5) Internal Control Audits: Refers to the set that possibly has aroused the most interest given that it corresponds to the most important innovation that the SOX Law makes to internal control: the audit of internal control and the infrastructure (conditions) necessary for it, that is, the assessment of internal controls made by management and its obligation to make an explicit statement (assertion) regarding it.

From a legal point of view, the set (report on internal control) and involves:

a) Indicate the responsibility of the administration for establishing a structure and internal control procedures, which are adequate, for the financial reporting process.

b) Contain an assessment, by the end of the issuer's most recent fiscal year, on the effectiveness of the issuer's control structure and procedures in relation to the financial reporting process.

Such set must be submitted to attestation, under attestation standards issued or adopted, by the registered public accounting firm. It explicitly states that such attestation does not constitute a contract other than the audit of the financial statements.

This is undoubtedly part of global efforts to refine (and expand) the scope of independent auditing. It is, traditionally, comprised only the audit of financial statements. Now, it comprises three closely related elements: audit of financial statements, audit of internal control and audit of compliance. This constitutes a strengthening of the independent audit, associated with the strong demands of independence for such auditors.

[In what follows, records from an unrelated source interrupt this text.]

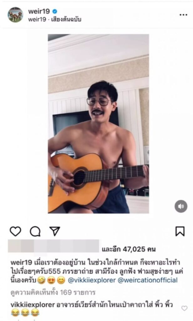 ล่าสุด คุณพ่อเวียร์ จัดเต็มด้วยการโชว์พลังเสียงในเพลง นะหน้าทอง พร้อมกับโชว์การเล่นกีตาร์ โดยมีแคปชั่นว่า “เมื่อเราต้องอยู่บ้าน ในช่วงใกล้กำหนด ก็จะหาอะไรทำไปเรื่อย ๆ ครับ555 ภรรยาถ่าย สามีร้อง ลูกฟัง ฟามสุขง่าย ๆ แค่นี้เองครับ @vikkiiexplorer @weircationofficial”
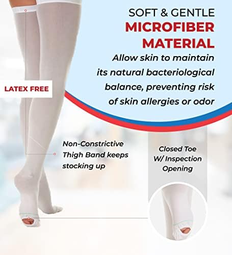 LIGHT COMPRESSION FOR INCREASED CIRCULATION – These Anti-Embolism Thigh Highs provide therapeutic level compression 18 mmHg that reduces patient’s risk of pulmonary embolism and blood clots. The light compression is designed for every day wear for the prevention and relief of minor to moderate varicose, and for relieve tired, aching legs, and minor swelling of feet, ankles, and legs.
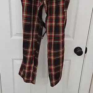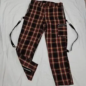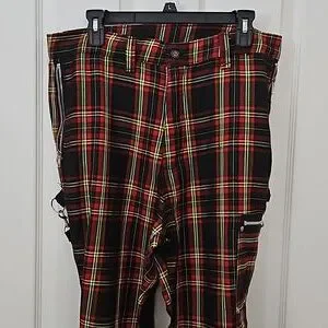 Vintage Y2K / 1990s Plaid Bondage pants by brand DOGPILE. They resemble pants worn by singer Gwen Stefani of No Doubt. These rare black, red, and yellow plaid pants are in excellent used condition for their age. I am the original owner and purchased them back in the late 1990s. They feature 5 zippered pockets and additional non-functional "pockets" with working zippers on the back lower legs. Also comes with 2 original, adjustable straps in the back that can be changed from being clipped parallel (i.e., 1 strap hooked to the lower and upper part of the same pant leg) or being hooked criss-cross (i.e. one clip / hook is attached one upper pant leg, while the other is clipped to the opposite lower pant leg).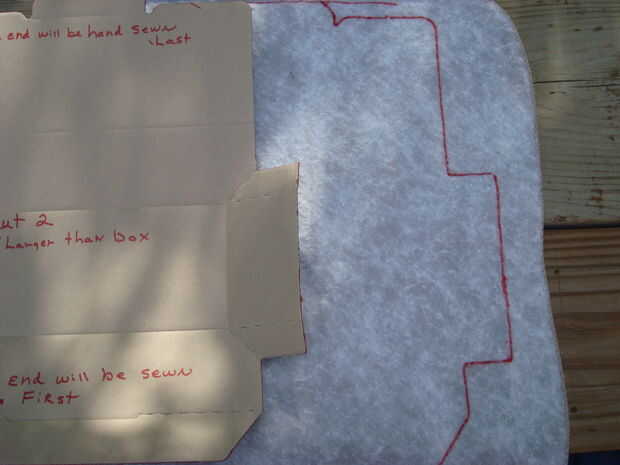 No he intentado hacer esto antes y después de éste; Voy a hacer un prototipo antes de usar a la tela de mi elección.  Coser el vinilo es un poco complicado.  Es decir por qué mano cosió este.  Hice 2 antes de éste para el patrón.  Las cajas que son los mejores tienen menos esquinas de forma extrañas.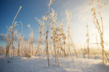 Frosted grass on a snowy field in the winter season.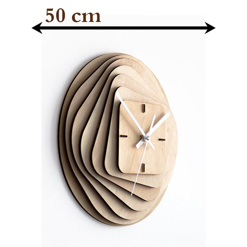 Home Gallery - ساعة حائط دائرية إلى مربعة مصنوعة من الخشب من هوم جاليري، مقاس 50 سم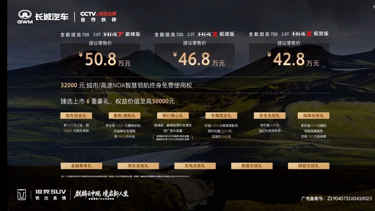 车盟快讯:炸场!全新坦克700正式上市,官方指导价42.8万-50.8万,比预售直降1万!作为硬派越野旗舰,新车搭载非承载式车身,采用麒麟设计+激光大灯气场拉满。更有双动力加持:2.0T插混(续航1191km)、3.0T V6插混(综合功率385kW)。内饰豪华拉满,配后排娱乐屏、车载冰箱;首搭激光雷达+VLA大模型,硬派也有高阶智驾!这个价格 大家觉得香不香?

It should be highlighted how this revolves around the financial reporting process, a very important precision to avoid falling into the domains of other audits for which the experience of public accountants is not recognized: quality audits (based on standards ISO 9000) and audits of operations (according to engineering standards).

6) Audit and Internal Control Committee: Relationship between the audit committee and internal control, and particularly in relation to the financial expert.

Education and experience in internal accounting controls constitutes one of the aspects that must be considered with respect to the financial expert of the audit committee.

The name "financial expert" has caused quite a few surprises but is gaining more and more followers. This is a person who has education and experience as a public accountant or auditor or as a chief financial officer, controller or chief accounting officer of an issuer, or derived from a position that involves the performance of major functions. Such education and experience involves:

a) An understanding of the NIF's and financial statements.

b) Experience in the preparation or audit of financial statements of generally comparable issuers and the application of NIF's in connection with the accounting of estimates, accruals and reserves.

c) Experience in internal accounting control.

d) An understanding of the functions of the audit committee.